Cependant, la solution donnée par cet arrêt, qui avait dans un premier temps fait l’objet d’un pourvoi en cassation devant le Conseil d’État, apparaît erronée. On rappelle en effet que le texte de l’article 231 du CGI prévoit, de manière nous semble-t-il assez clairement alternative plutôt que cumulative, que la taxe sur les salaires affecte les organismes versant des rémunérations qui « ne sont pas assujettis à la taxe sur la valeur ajoutée ou ne l’ont pas été sur 90 % au moins de leur chiffre d’affaires au titre de l’année civile précédant celle du paiement desdites rémunérations. » D’ailleurs, suite au pourvoi formé par l’entreprise, l’Administration a finalement décidé de ne pas poursuivre l’affaire devant le Conseil d’État et elle a même recommandé à ses agents de ne pas faire application de l’arrêt de la CAA de Paris.
Le rapport d’assujettissement peut être arrondi à l’unité immédiatement inférieure (rescrit du 22 juin 2010, n° 2008/13 FP ; BOFiP-TPS-TS-20-30-§ 80-30/03/2022) : c’est ainsi que dans l’exemple donné ci-dessus, 1 500 / 2 300 = 65,22 % peut être arrondi à 65 %.
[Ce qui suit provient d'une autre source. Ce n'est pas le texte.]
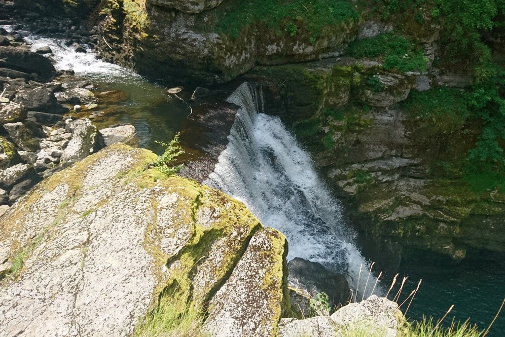 Prochaine étape : le Saut du Doubs. Partant des Brenets, le trajet en bateau dure une vingtaine de minutes, auxquelles se rajoutent 10 minutes de marche pour parvenir en haut de la cascade. Nous sommes surpris de découvrir qu’il y a cependant peu d’eau… Par contre, il y a beaucoup de monde. Nous repartons ensuite à pied pour le retour. La balade jusqu’aux Brenets prend environ 1h. La plus grande partie du trajet se fait sur une route goudronnée dans la forêt et n’a que peu d’intérêt. Pour rejoindre le débarcadère, il y a juste un petit passage délicat sur la fin, lorsque l’on quitte la route pour s’engager sur un sentier étroit, dans la forêt, à flanc de falaise. Attention avec les jeunes enfants.

Par ailleurs, lorsque ce rapport d’assujettissement est compris entre 10 % et 20 %, il y a lieu d’appliquer une décote, qui a pour effet d’éviter les effets de « ressaut », (évitant par exemple que, alors qu’une entreprise avec un rapport d’assujettissement de 9,9 %, arrondi à 9 %, n’acquitte aucune taxe sur les salaires, une entreprise avec un rapport de 10 %, donc à peine supérieur, acquitterait une taxe sur 10 % des rémunérations versées). Cette décote se traduit par le fait que le pourcentage d’imposition ne devient pleinement égal au pourcentage d’assujettissement qu’à partir de 20 %.